Hi there! I am currently working on a skin cancer classification problem. The data consists of 9 target values and the model is trained with densenet for 20 epochs. The model file has been saved and the evaluation metrics are observed. But I want to have confidence on what I am seeing and proceed in creating a flask application and go straight to testing. The highest training accuracy is 97% and validation accuracy is 87%. Does that mean my model is evaluating well? This is the value counts of each label after sampling weights.
AK 8503
VASC 8496
unknown 8493
nevus 8450
melanoma 8410
DF 8400
SCC 8245
BCC 8208
BKL 7443
This is the best record of my model file.
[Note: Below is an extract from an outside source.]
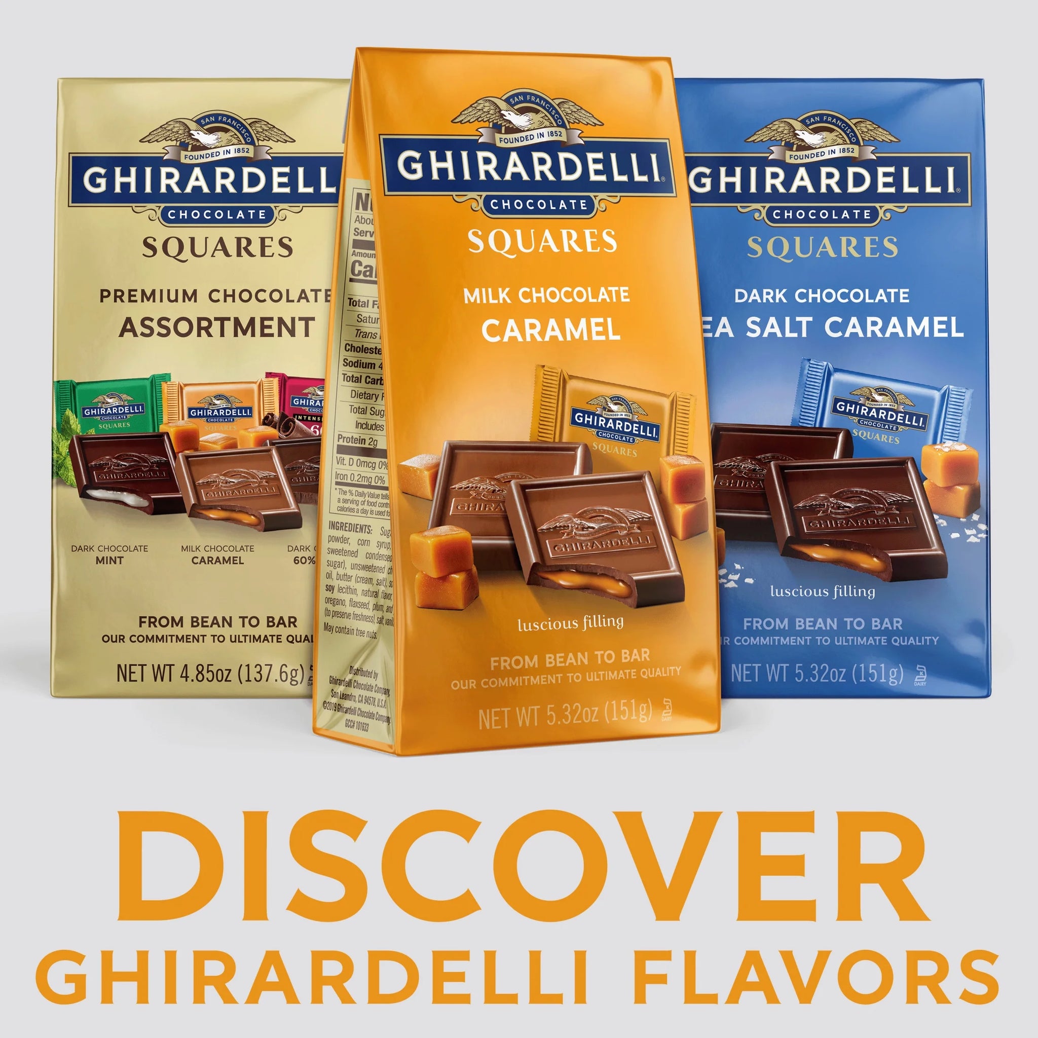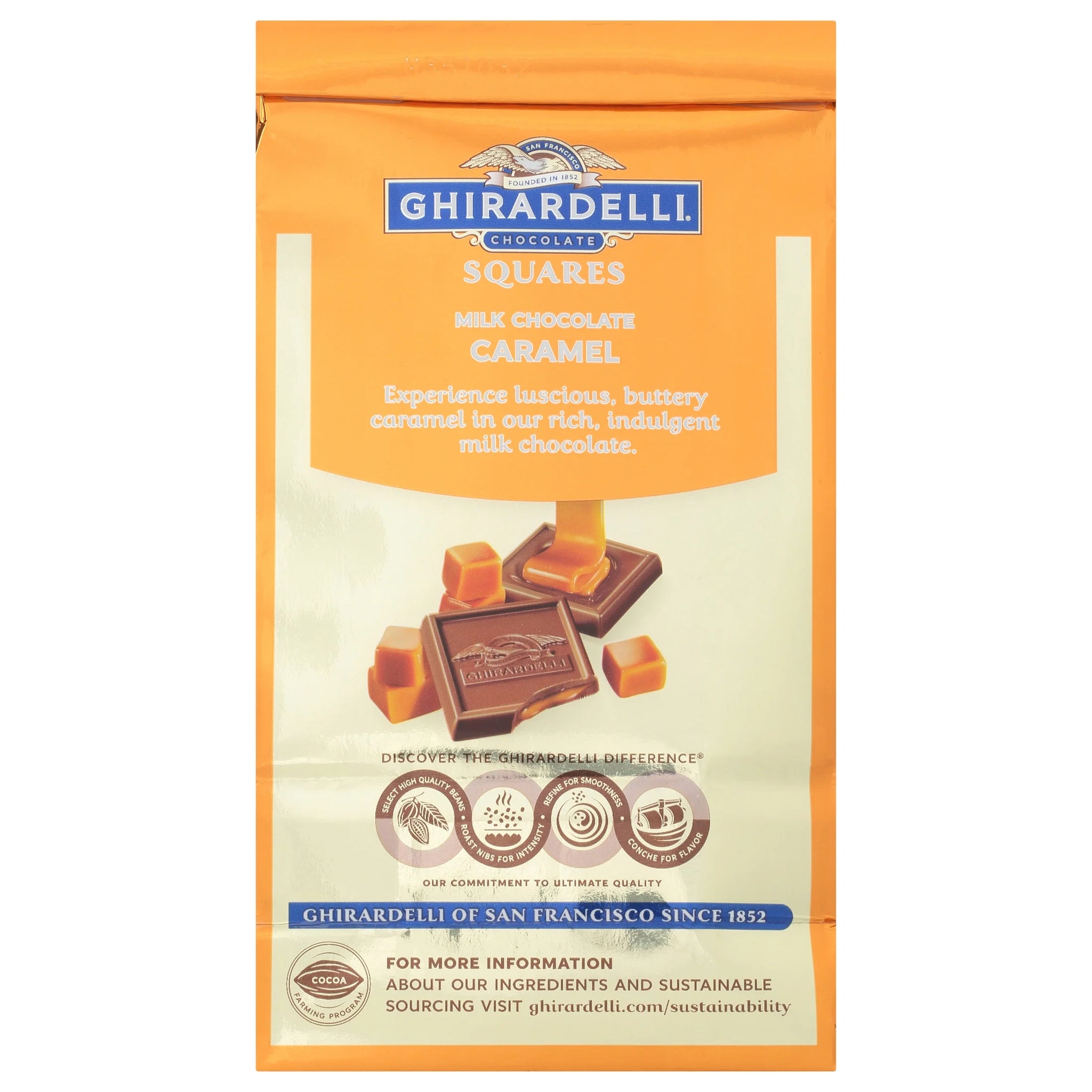 Unwrap Ghirardelli Milk Chocolate Squares with Caramel Filling for moments of luxurious indulgence. Ghirardelli Squares add a sweet touch to your day on their own and offer a delicious twist to s'mores and other desserts for something special. Share the sweet moments of joy and delight with someone close to your heart when you give these chocolate caramel candy squares as a gift. Luscious caramel fills the slow-melting, creamy milk chocolate for pure bliss in every square. Individually wrapped chocolate squares are easy to share or enjoy one at a time. Premium ingredients, including high quality cocoa beans, are part of the Ghirardelli difference: a commitment to ultimate quality from Bean to Bar. Ghirardelli Makes Life a Bite Better.

best record: [epoch 11], [val loss 0.40036], [val acc 0.87697]
Here is the confusion matrix, the classification report
precision recall f1-score support
AK 0.66 0.66 0.66 204
BCC 0.79 0.91 0.85 700
BKL 0.67 0.69 0.68 657
DF 0.66 0.75 0.70 56
nevus 0.68 0.73 0.70 126
VASC 0.90 0.86 0.88 63
melanoma 0.62 0.69 0.65 1067
SCC 0.92 0.85 0.88 4497
unknown 0.95 0.96 0.95 5425
accuracy 0.87 12795
macro avg 0.76 0.79 0.77 12795
weighted avg 0.88 0.87 0.87 12795
Notice in the confusion matrix, the SCC label is incorrectly predicted as melanoma 291 times! This made me take a step back and question my model again as it was a little freaky.
I would really appreciate anyone who can give me a general observation on the model. This would help me make any changes for better results! Thanks a lot for the help.